Exercise aim: Your output should be the lines below from the one with "BUCKET ELEVATOR AND CONVEYOR COMPONENTS" through the one with "AFHW 410 Weight Bench", copied exactly, pictures excluded.

Materials provided:
------------------------
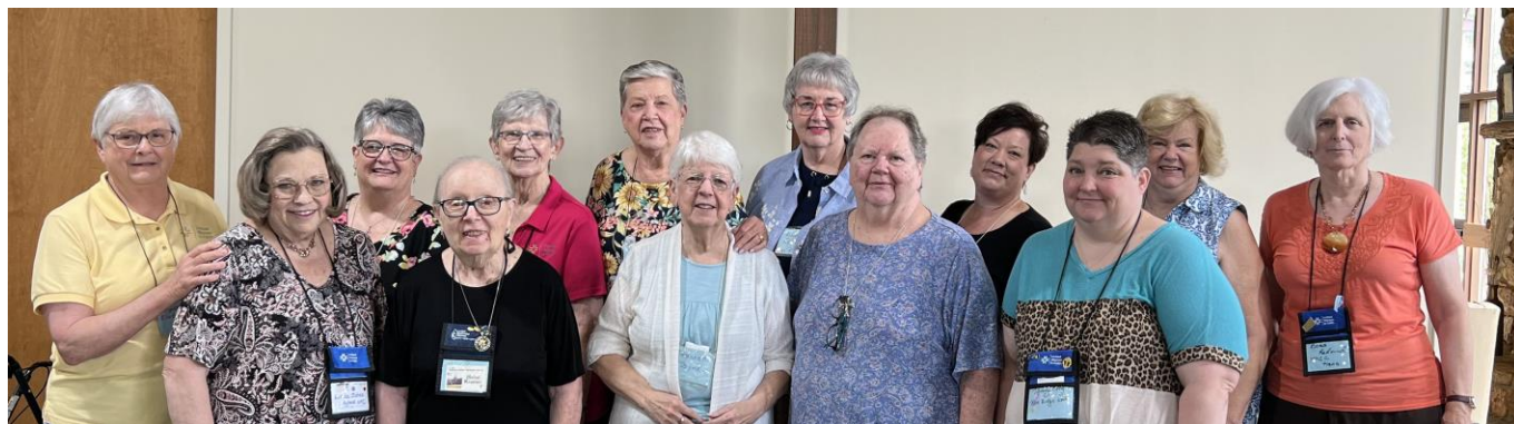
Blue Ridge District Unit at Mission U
------------------------
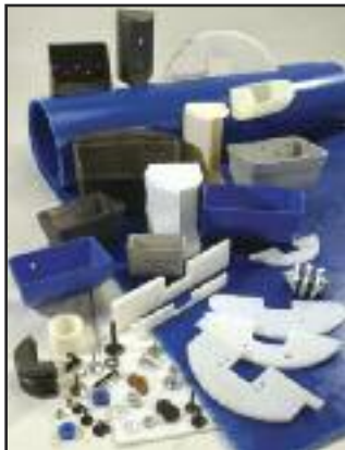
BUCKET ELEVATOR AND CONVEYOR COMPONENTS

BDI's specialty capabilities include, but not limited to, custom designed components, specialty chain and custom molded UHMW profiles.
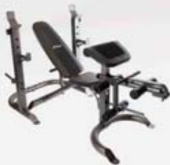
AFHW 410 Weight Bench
------------------------
Result for this task:
BUCKET ELEVATOR AND CONVEYOR COMPONENTS

BDI's specialty capabilities include, but not limited to, custom designed components, specialty chain and custom molded UHMW profiles.
AFHW 410 Weight Bench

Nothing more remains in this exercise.